TASK PROMPT
Without pictures, return the lines from the one containing "近日,江苏省委宣传部、省文明" through the last line of the data below, exactly.
==== DATA
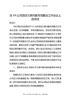 在XX公司项目欠薪问题专项整治工作会议上的讲话.docx
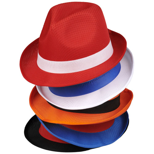 Kapelusz Trilby z poliestru, obwód głowy 58 cm. Rozmiar uniwersalny. Kapelusze można opatrzyć wstążką z nadrukowanym logo z polipropylenu o gramaturze 100 g/m². Tkanina100% Poliester.
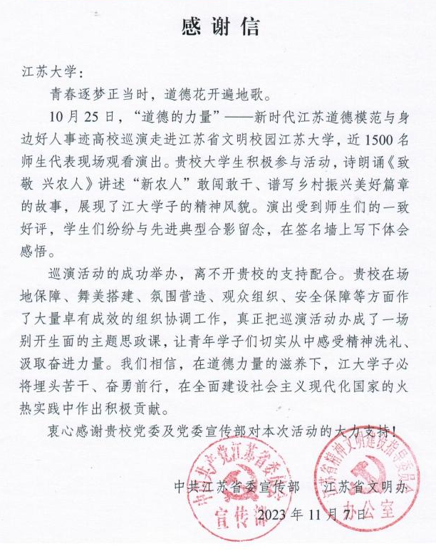 近日,江苏省委宣传部、省文明办向我校发来感谢信,对我校在“道德的力量”——新时代江苏道德模范与身边好人事迹巡演走进开云电子入口_开云(中国)中所做工作提出高度赞扬,对我校为全省精神文明建设作出的重要贡献表示衷心感谢。
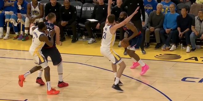 判若两人!哈登上半场20分+下半场0分 全场仅1助 快船完败给勇士
========
ANSWER SECTION
 近日,江苏省委宣传部、省文明办向我校发来感谢信,对我校在“道德的力量”——新时代江苏道德模范与身边好人事迹巡演走进开云电子入口_开云(中国)中所做工作提出高度赞扬,对我校为全省精神文明建设作出的重要贡献表示衷心感谢。
 判若两人!哈登上半场20分+下半场0分 全场仅1助 快船完败给勇士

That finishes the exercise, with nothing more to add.